Joseph Francis Periconi (July 14, 1910 – February 16, 1994) was an American politician from New York City. He was a New York State Senator; and Borough President of the Bronx, to date the last Republican in this office.

Life
He was born on July 14, 1910, in Manhattan, New York City.

Periconi was a member of the New York State Senate (27th D.) in 1953 and 1954. In November 1954, after legislative re-apportionment, he ran in the 29th District for re-election, but was defeated by Democrat Francis J. McCaffrey, the incumbent of the 28th District. In November 1956, Periconi defeated McCaffrey for re-election.

Periconi was again a member of the State Senate (29th D.) from 1957 to 1960, sitting in the 171st and 172nd New York State Legislatures. In 1957, he ran for Borough President of the Bronx, but was defeated by the incumbent Democrat James J. Lyons. On April 14, 1960, Periconi was appointed as a member of the Board of the New York City Transit Authority.
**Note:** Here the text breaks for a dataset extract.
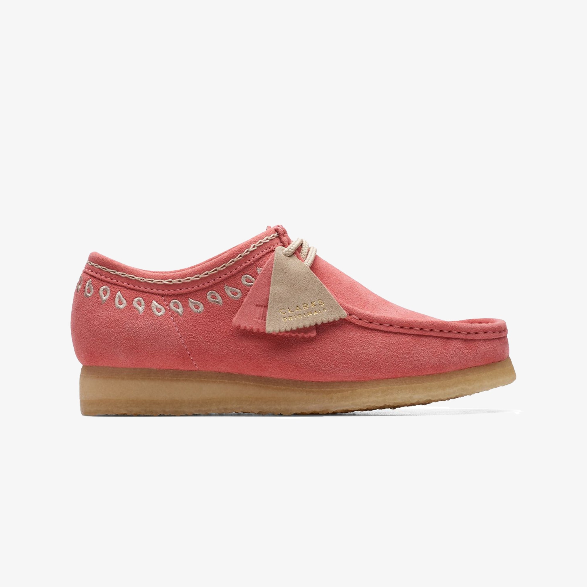 Our heritage Wallabee in vibrant pink turns up the volume on summer style. An embroidered collar brings a tactile twist - complementing the soft suede uppers perfectly, while our statement crepe sole is left natural for a retro look.

Periconi was Borough President of the Bronx from 1962 to 1965, elected on the Republican and Liberal tickets in 1961. During his time in office, he fought countlessly for the preservation of Bronx Borough Hall as a landmark. In 1965, he was narrowly defeated by Herman Badillo, who was then a Democrat. During Badillo's tenure, the landmark building was demolished.

Periconi was the New York City Department of Sanitation Commissioner from January 1, 1966 to November 23, 1966.

He lost a 1970 election to the US House of Representatives to Mario Biaggi, getting 25% of the vote to Biaggi's 70%.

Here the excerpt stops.